(TASK DESCRIPTION) Only one stretch of the data should be retyped: the lines from the line containing "main living space, where" through the line containing "2028 Silver-Tone Tube". Keep pictures out of it.

(DATA EXCERPTS)
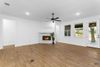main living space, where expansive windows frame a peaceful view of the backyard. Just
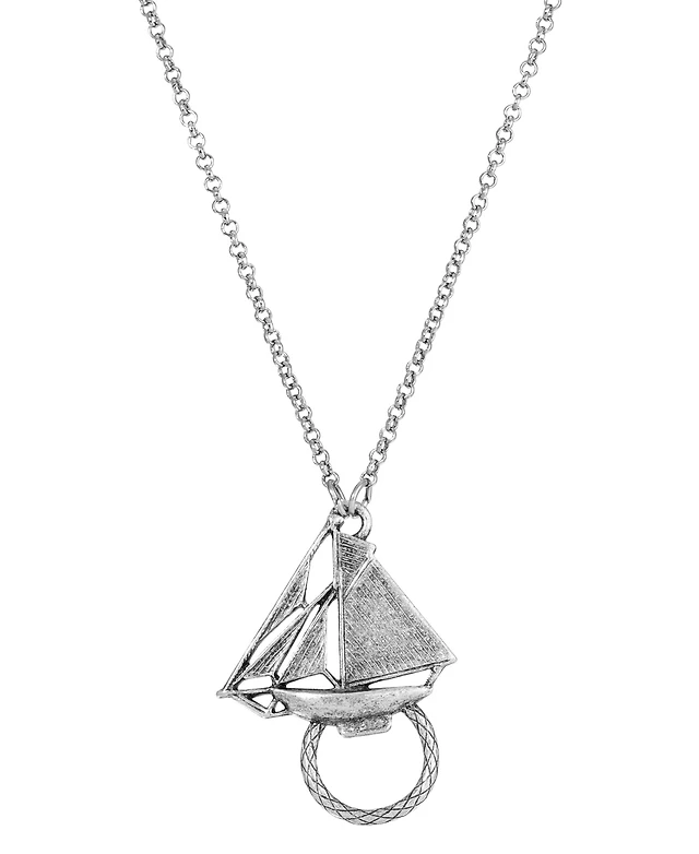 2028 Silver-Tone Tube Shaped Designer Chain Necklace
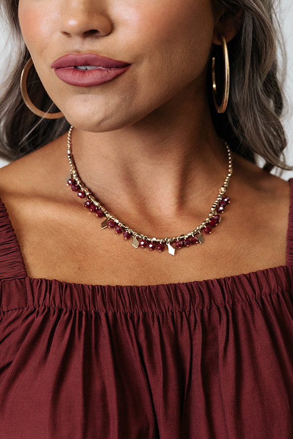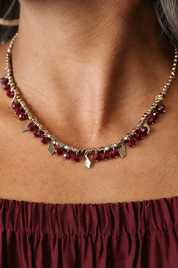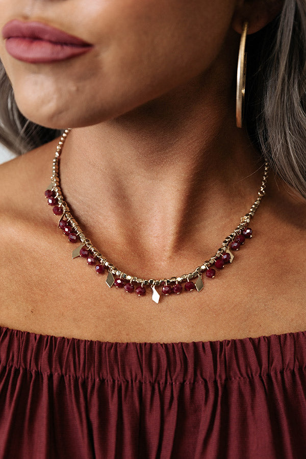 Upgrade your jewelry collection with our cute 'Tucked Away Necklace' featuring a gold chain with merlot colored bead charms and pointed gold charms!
--
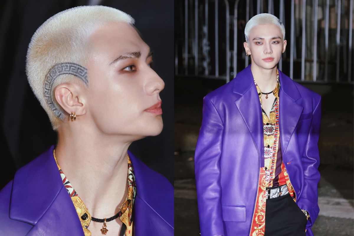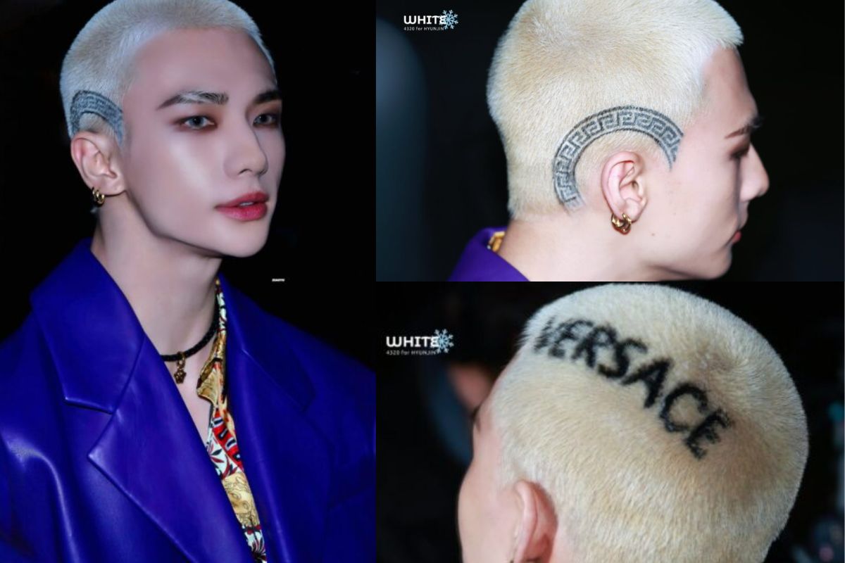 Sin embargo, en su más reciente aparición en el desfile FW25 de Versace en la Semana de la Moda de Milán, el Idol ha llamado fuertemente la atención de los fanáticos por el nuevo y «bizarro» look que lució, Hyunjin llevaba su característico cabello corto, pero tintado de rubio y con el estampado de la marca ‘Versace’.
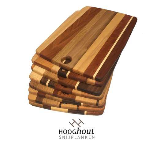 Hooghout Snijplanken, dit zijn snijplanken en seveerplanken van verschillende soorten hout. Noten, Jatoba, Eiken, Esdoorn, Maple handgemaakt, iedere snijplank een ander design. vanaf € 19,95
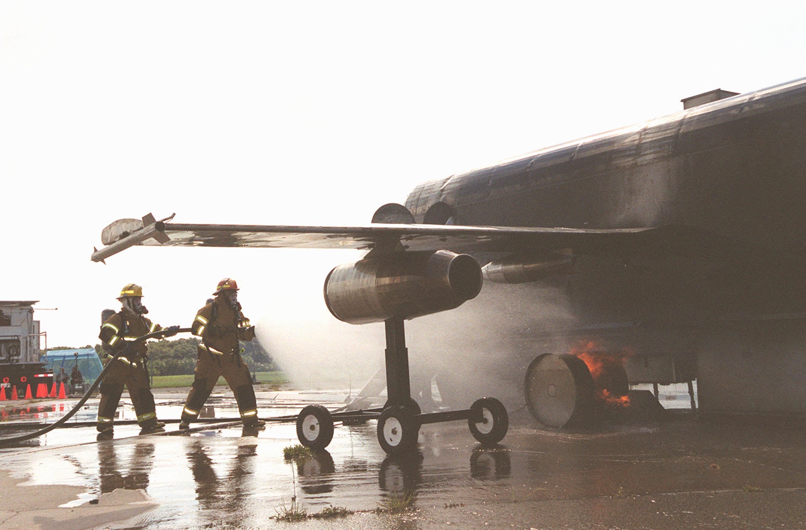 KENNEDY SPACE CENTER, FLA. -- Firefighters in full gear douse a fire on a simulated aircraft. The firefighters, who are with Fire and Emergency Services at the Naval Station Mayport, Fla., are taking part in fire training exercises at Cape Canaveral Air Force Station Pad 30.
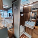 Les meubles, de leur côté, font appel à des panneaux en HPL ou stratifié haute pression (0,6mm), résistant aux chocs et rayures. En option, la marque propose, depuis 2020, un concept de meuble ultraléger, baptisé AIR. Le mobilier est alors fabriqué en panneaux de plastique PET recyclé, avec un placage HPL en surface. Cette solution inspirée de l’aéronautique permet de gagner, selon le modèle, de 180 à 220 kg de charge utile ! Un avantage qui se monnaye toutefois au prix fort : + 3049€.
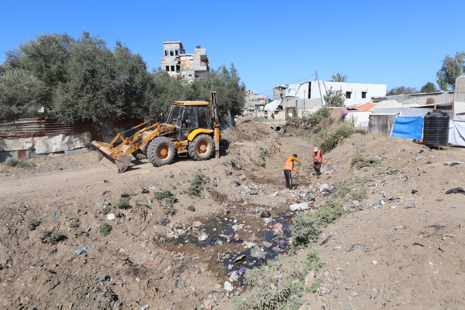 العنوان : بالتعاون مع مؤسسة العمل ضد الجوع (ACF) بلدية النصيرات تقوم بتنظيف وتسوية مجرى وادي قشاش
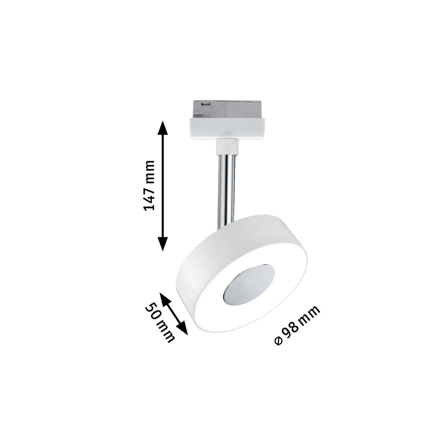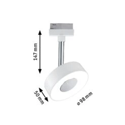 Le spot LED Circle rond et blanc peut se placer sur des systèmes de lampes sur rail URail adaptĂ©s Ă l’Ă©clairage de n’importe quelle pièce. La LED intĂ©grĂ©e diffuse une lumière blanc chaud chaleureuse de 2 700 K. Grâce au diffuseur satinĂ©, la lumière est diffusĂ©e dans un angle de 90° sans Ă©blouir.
==
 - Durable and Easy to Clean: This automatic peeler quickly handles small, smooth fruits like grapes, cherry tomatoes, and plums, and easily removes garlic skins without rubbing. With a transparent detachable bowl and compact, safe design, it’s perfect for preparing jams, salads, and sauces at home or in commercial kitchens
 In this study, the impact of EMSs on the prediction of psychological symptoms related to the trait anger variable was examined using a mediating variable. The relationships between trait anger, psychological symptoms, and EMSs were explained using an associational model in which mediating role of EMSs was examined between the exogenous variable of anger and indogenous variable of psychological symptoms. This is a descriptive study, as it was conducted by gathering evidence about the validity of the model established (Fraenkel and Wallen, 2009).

(SOLUTION FOR THIS TASK)
main living space, where expansive windows frame a peaceful view of the backyard. Just
 2028 Silver-Tone Tube Shaped Designer Chain Necklace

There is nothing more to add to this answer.